◆ PROBLEM DESCRIPTION
Where the line containing "Laguna Pueblo seed" appears, end the copy there, keeping that line; start from the first line of the entries, copy exactly, and omit pictures.

──────── GIVEN ENTRIES ────────

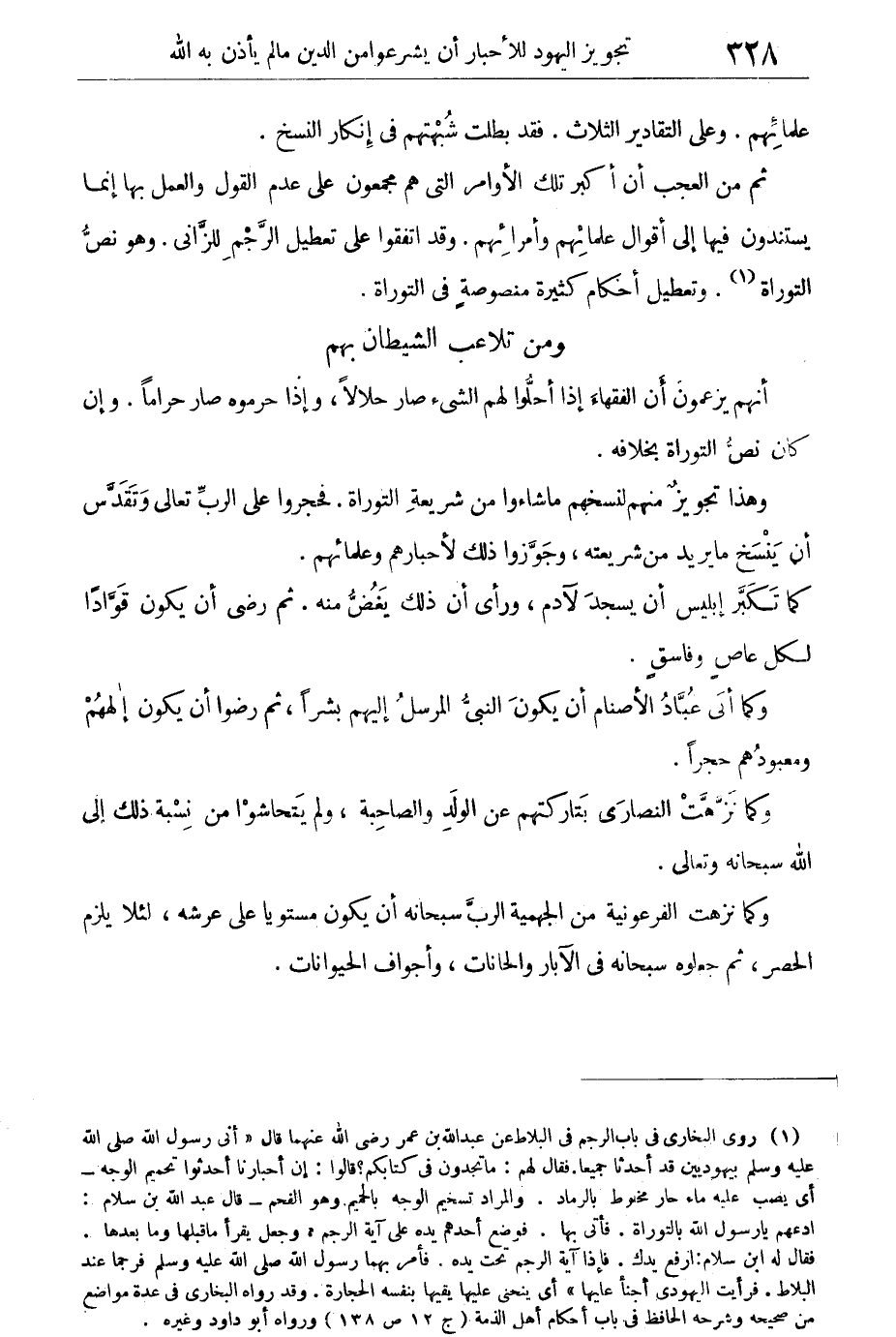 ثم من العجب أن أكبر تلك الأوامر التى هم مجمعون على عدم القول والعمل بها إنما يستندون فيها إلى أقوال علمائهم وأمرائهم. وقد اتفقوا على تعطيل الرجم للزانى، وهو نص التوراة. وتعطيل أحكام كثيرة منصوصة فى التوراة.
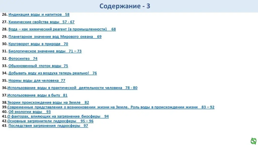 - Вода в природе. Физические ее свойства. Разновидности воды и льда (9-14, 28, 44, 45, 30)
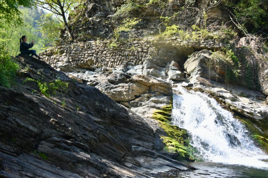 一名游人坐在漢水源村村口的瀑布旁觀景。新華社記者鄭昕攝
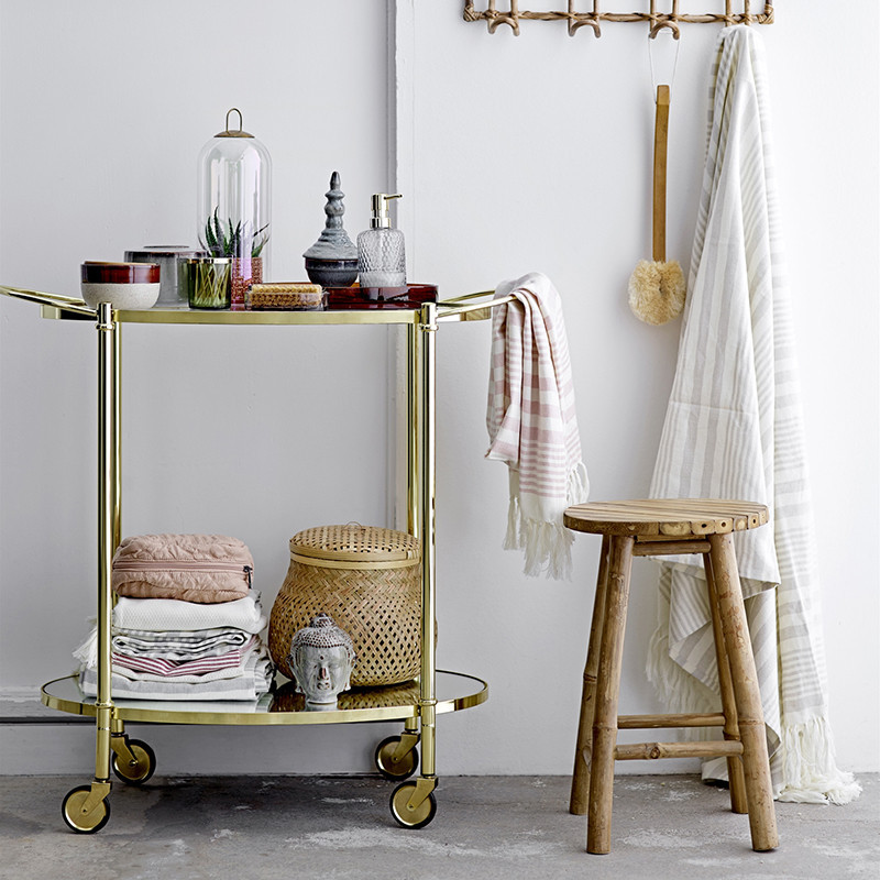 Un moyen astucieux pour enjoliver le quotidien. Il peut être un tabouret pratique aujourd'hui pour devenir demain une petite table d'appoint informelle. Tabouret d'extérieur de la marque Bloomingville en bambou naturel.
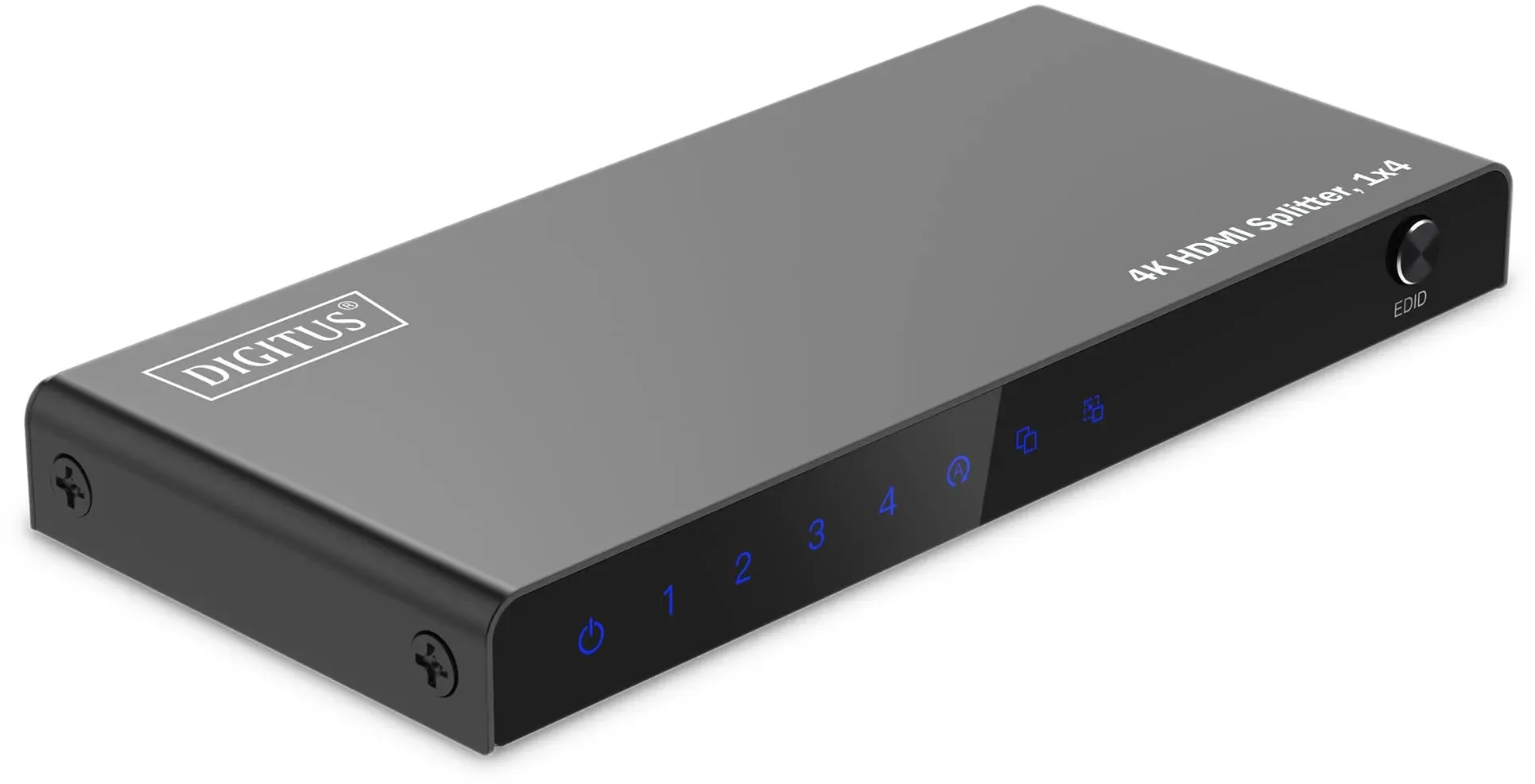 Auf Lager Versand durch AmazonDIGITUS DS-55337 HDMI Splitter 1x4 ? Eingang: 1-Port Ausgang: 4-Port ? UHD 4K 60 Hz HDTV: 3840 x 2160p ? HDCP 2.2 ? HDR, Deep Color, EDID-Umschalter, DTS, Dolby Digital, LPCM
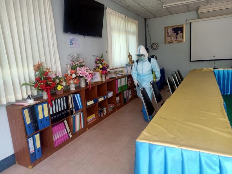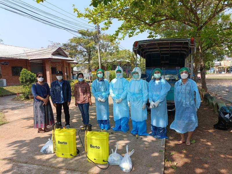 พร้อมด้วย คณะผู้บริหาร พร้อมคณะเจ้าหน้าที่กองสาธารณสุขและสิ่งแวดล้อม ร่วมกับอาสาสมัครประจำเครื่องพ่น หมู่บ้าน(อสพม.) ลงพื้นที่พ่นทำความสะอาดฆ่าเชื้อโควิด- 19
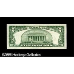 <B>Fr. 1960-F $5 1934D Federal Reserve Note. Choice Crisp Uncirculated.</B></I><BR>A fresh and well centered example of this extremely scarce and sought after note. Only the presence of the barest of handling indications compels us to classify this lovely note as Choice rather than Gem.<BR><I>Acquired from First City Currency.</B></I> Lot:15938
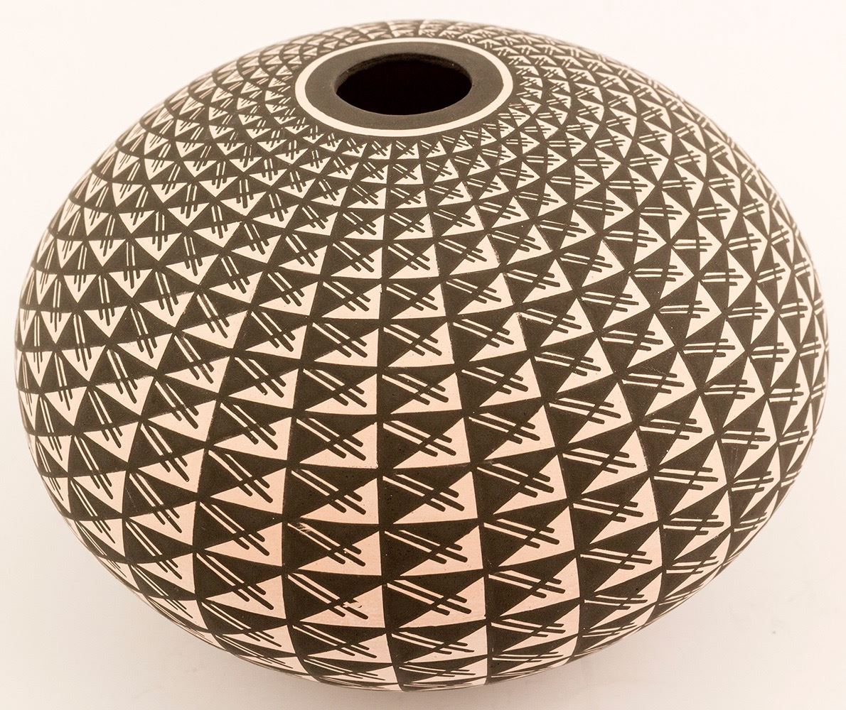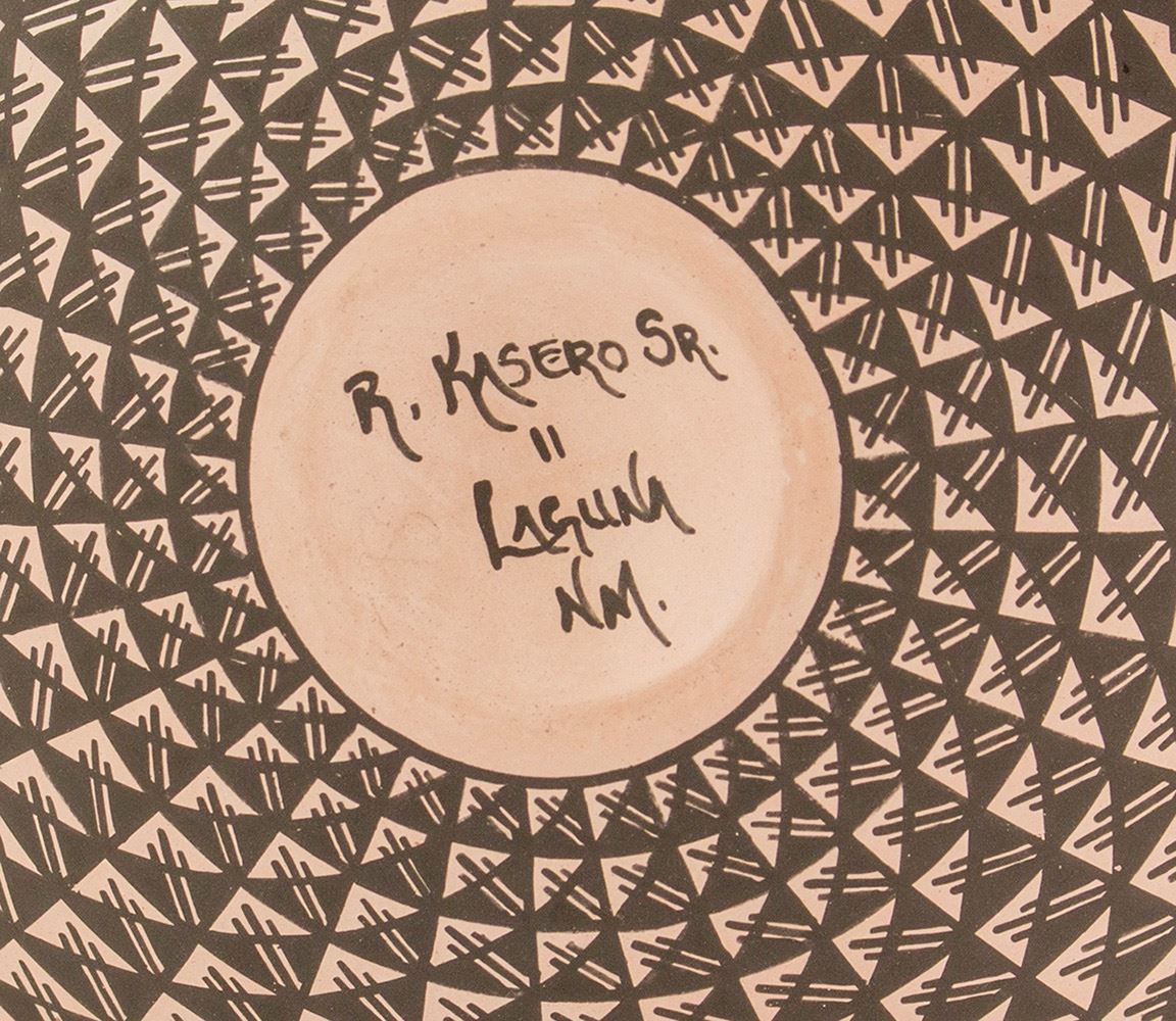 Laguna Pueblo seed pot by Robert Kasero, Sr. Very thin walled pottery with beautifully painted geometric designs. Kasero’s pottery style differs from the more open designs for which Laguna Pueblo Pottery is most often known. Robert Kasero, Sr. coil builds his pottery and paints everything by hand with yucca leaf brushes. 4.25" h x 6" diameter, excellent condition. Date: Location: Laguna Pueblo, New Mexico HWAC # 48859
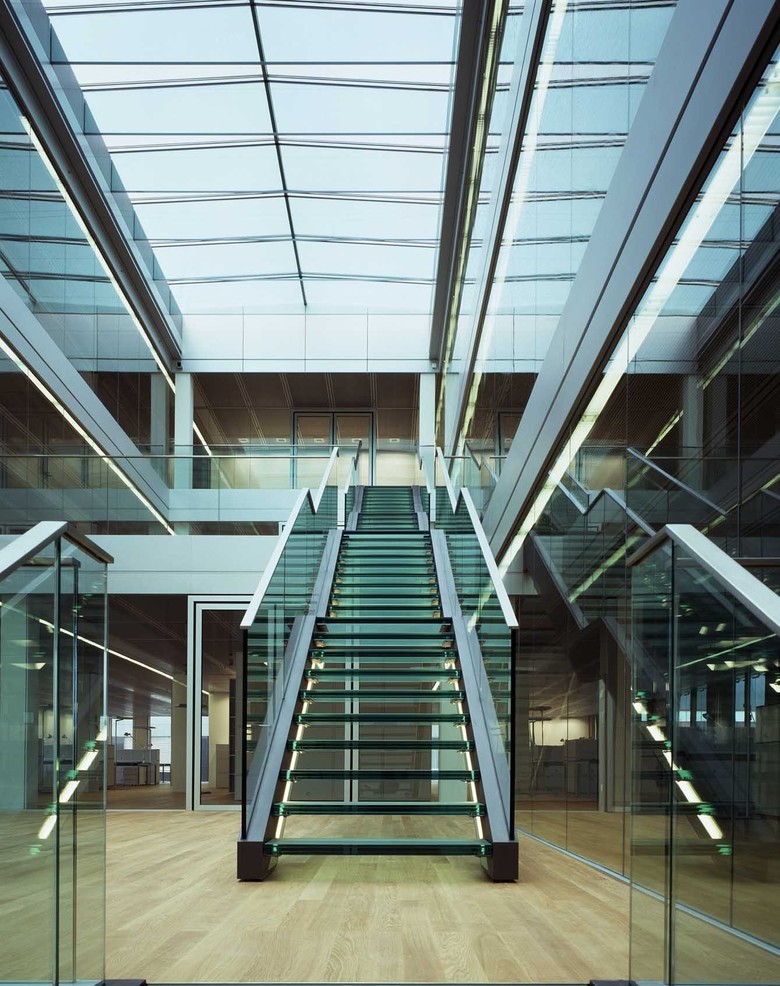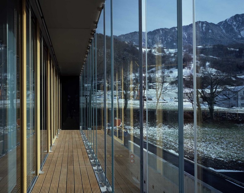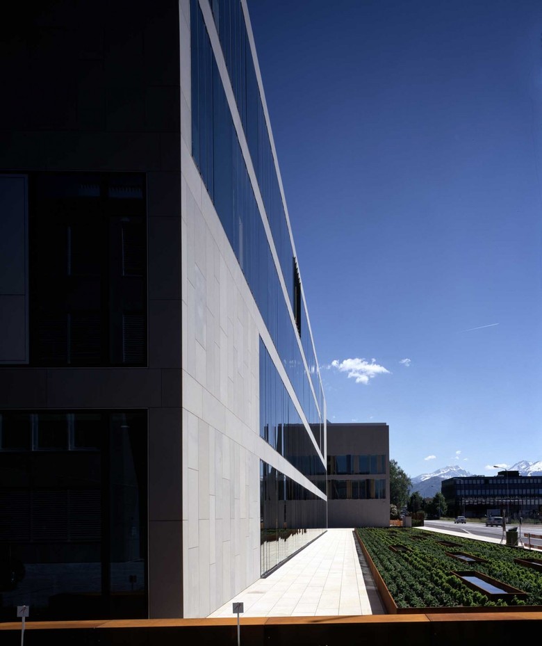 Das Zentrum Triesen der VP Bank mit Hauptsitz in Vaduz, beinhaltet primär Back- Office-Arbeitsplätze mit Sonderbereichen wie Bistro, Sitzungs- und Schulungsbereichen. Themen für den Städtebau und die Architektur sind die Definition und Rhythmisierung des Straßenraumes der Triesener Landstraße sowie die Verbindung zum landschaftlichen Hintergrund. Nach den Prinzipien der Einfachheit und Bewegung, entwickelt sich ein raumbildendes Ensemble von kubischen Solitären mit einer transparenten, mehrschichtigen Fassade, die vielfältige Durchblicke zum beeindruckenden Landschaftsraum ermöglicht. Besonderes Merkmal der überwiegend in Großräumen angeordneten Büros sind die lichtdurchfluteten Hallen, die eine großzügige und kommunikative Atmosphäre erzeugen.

────────

◆ YOUR SOLUTION
 ثم من العجب أن أكبر تلك الأوامر التى هم مجمعون على عدم القول والعمل بها إنما يستندون فيها إلى أقوال علمائهم وأمرائهم. وقد اتفقوا على تعطيل الرجم للزانى، وهو نص التوراة. وتعطيل أحكام كثيرة منصوصة فى التوراة.
 - Вода в природе. Физические ее свойства. Разновидности воды и льда (9-14, 28, 44, 45, 30)
 一名游人坐在漢水源村村口的瀑布旁觀景。新華社記者鄭昕攝
 Un moyen astucieux pour enjoliver le quotidien. Il peut être un tabouret pratique aujourd'hui pour devenir demain une petite table d'appoint informelle. Tabouret d'extérieur de la marque Bloomingville en bambou naturel.
 Auf Lager Versand durch AmazonDIGITUS DS-55337 HDMI Splitter 1x4 ? Eingang: 1-Port Ausgang: 4-Port ? UHD 4K 60 Hz HDTV: 3840 x 2160p ? HDCP 2.2 ? HDR, Deep Color, EDID-Umschalter, DTS, Dolby Digital, LPCM
 พร้อมด้วย คณะผู้บริหาร พร้อมคณะเจ้าหน้าที่กองสาธารณสุขและสิ่งแวดล้อม ร่วมกับอาสาสมัครประจำเครื่องพ่น หมู่บ้าน(อสพม.) ลงพื้นที่พ่นทำความสะอาดฆ่าเชื้อโควิด- 19
 <B>Fr. 1960-F $5 1934D Federal Reserve Note. Choice Crisp Uncirculated.</B></I><BR>A fresh and well centered example of this extremely scarce and sought after note. Only the presence of the barest of handling indications compels us to classify this lovely note as Choice rather than Gem.<BR><I>Acquired from First City Currency.</B></I> Lot:15938
 Laguna Pueblo seed pot by Robert Kasero, Sr. Very thin walled pottery with beautifully painted geometric designs. Kasero’s pottery style differs from the more open designs for which Laguna Pueblo Pottery is most often known. Robert Kasero, Sr. coil builds his pottery and paints everything by hand with yucca leaf brushes. 4.25" h x 6" diameter, excellent condition. Date: Location: Laguna Pueblo, New Mexico HWAC # 48859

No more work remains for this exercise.